Your objective:
Within the records below, reproduce without change the lines from the line that has "Più lussuosi i" through the line that has "きのこおろしロースカツ煮御膳 漬物・しじみ汁・キャベツ付 1,454円(税込", and only those.

Material for the task:
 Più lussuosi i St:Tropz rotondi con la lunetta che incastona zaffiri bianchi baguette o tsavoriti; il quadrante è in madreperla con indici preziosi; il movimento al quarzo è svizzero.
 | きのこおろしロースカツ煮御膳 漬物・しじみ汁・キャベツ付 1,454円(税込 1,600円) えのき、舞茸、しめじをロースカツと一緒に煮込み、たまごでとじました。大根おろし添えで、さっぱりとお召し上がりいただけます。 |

==

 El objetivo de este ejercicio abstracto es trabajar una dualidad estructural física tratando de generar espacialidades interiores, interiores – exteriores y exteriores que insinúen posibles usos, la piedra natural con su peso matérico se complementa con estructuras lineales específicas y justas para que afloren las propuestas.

Exercise answer:
 Più lussuosi i St:Tropz rotondi con la lunetta che incastona zaffiri bianchi baguette o tsavoriti; il quadrante è in madreperla con indici preziosi; il movimento al quarzo è svizzero.
 | きのこおろしロースカツ煮御膳 漬物・しじみ汁・キャベツ付 1,454円(税込 1,600円) えのき、舞茸、しめじをロースカツと一緒に煮込み、たまごでとじました。大根おろし添えで、さっぱりとお召し上がりいただけます。 |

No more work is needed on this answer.